His point might have been that when you are tired your ability to do a great
job is severely lessened compared to when you are not, this includes your
ability to realistically evaluate how good of a job you are doing. Being tired
_means_ that you have impaired working memory, attention (especially
vigilance), descision making abilities and general cognitive function.

I can't think of a more important predictor to the ability to get work done
for long periods of time than knowing how to manage your life and time enough
to _not_ be tired all the time. They don't give a shit about how many hours
you work, they care about how much necessary work you get done.

There's a trade-off to make here obviously, sometimes it's worth it. Some
tasks can still be done if you are operating at 50% of your abilities, but if
running a startup and parenting were that easy our world would be quite
different.

I won't speculate on the specific situation you talk about because I don't
know the details and you do. I'll give you the benefit of the doubt.

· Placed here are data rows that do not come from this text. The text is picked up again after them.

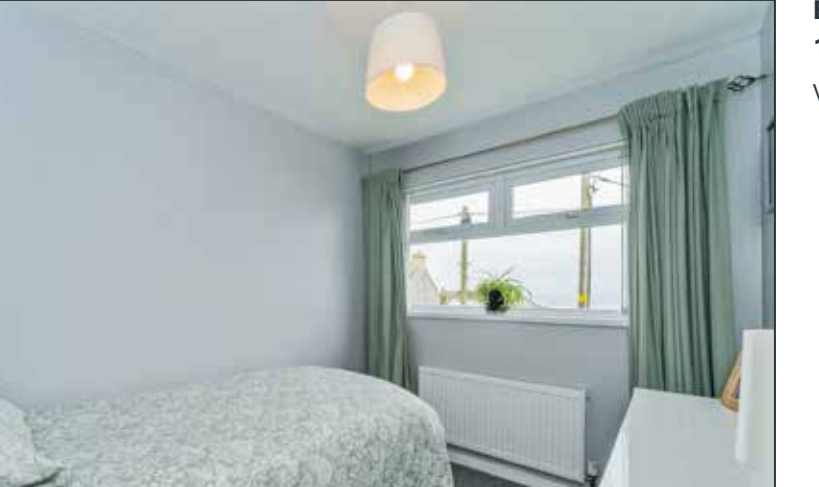
BEDROOM (2): 12' 2" x 7' 9" (3.71m x 2.36m) Views to Irish Sea.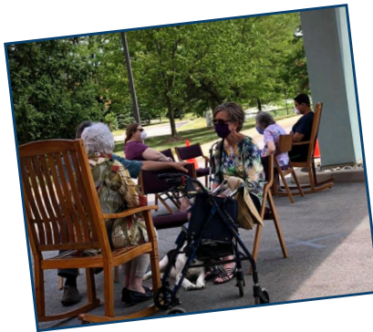
Wolf Creek Campus assisted living residents visit with family outside in the fresh air.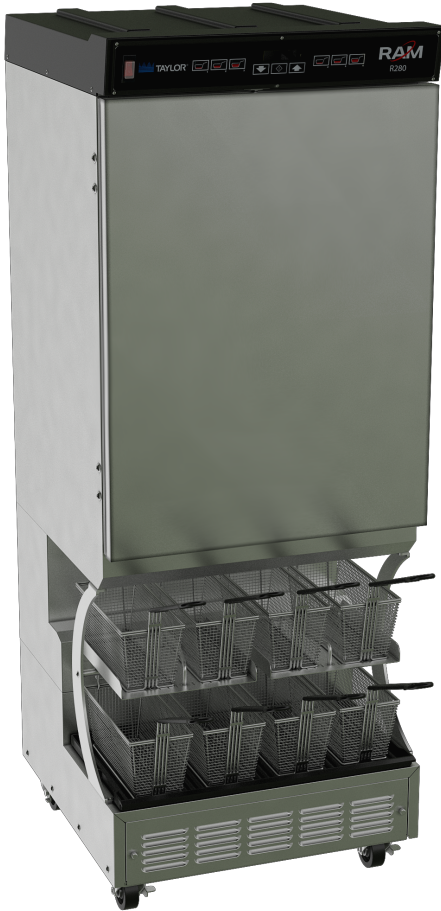
Fryer Baskets Sold Separately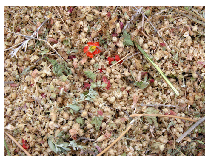
Figure 10. Mechanically harvested small-leaf globemallow seed from dense stands growing near the Utah-Arizona border.

Weather patterns in western Arizona may allow for spring and fall seed harvests (Comstock et al. 1988). When small-leaf globemallow was monitored at two Mojave Desert sites, plants flowered in both the spring and fall, which coincided with the bimodal rainy periods. Flowering peaked in April. Plants in this area experienced considerable dieback and were essentially dormant through the summer drought conditions. The winter during this one-year study period was also uncharacteristically warm and mild (Comstock et al. 1988).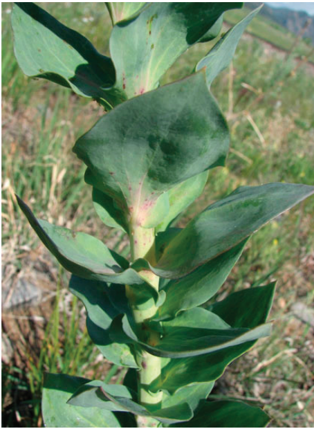
Figure 7: Dalmatian toadflax leaves usually are waxy, spade-shaped, and wrap around shoots.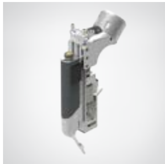
10 KW TPS/i WELDING HEAD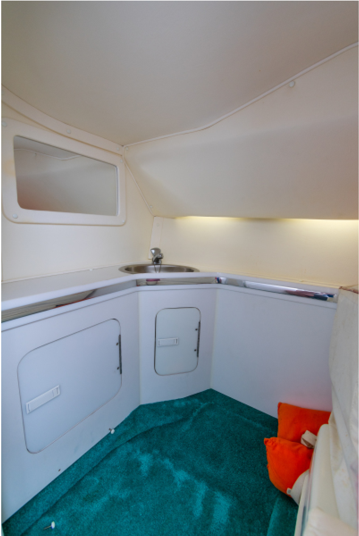
Fountain 42 Lightening 1997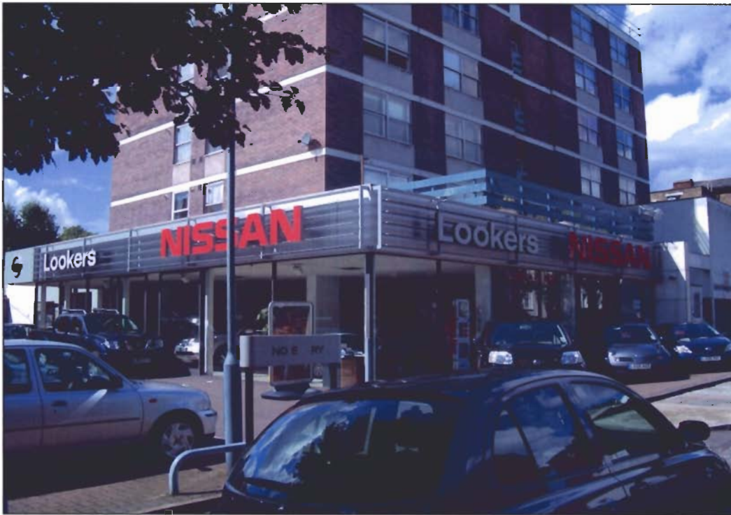
Photograph taken August 2005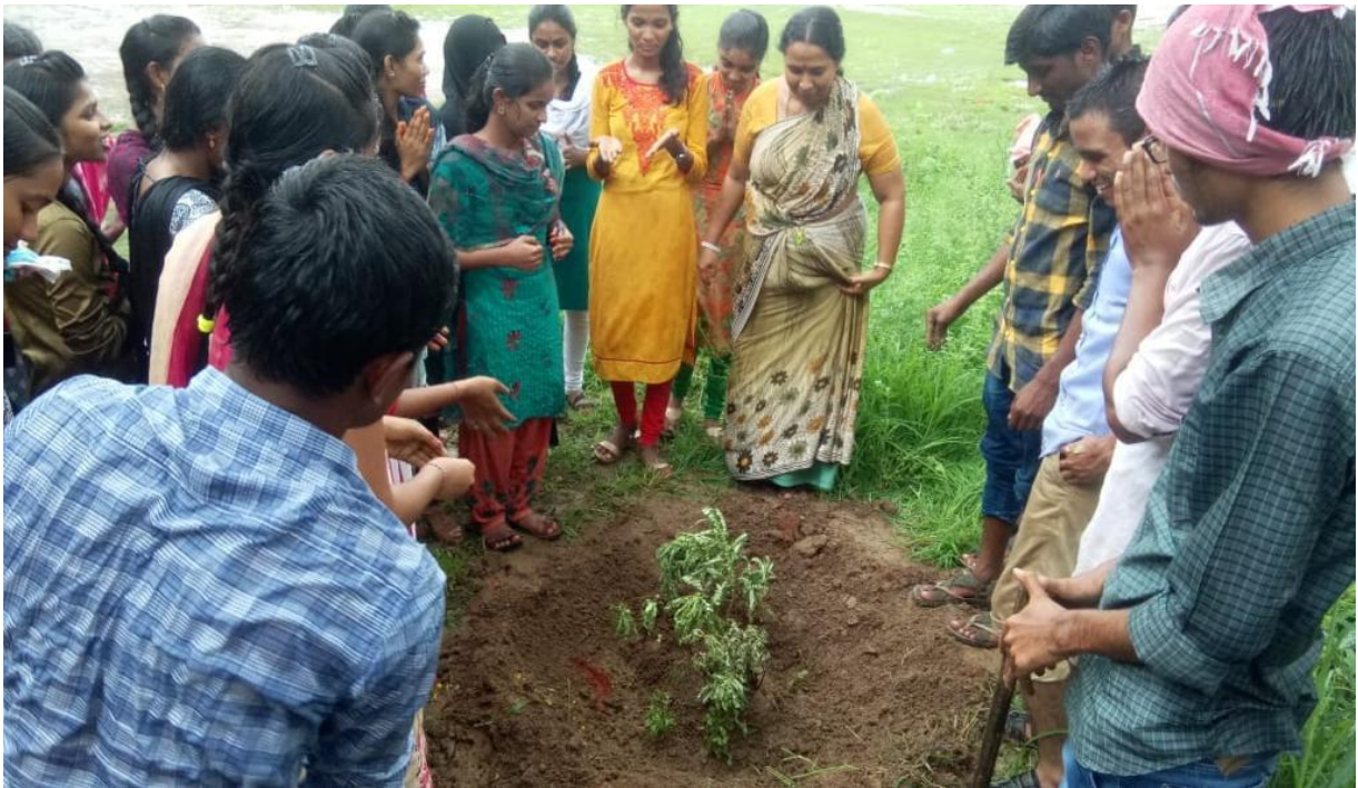
Cleaning of weeds and Plantation in college campus 31-08-18

That said, your post rubbed me the wrong way because it's too much like the
common geek macho bullshit that's too common in this community. You can't
bully your brain into working better just with a self-help pep talk full of
bland aphorisms and completely ignorant of modern knowledge about health and
productivity. And you might want to avoid the comparisons to athletics - elite
athletes talk about and track their rest obsessively. They don't show up to a
tryout injured and defensively complain when it's pointed out.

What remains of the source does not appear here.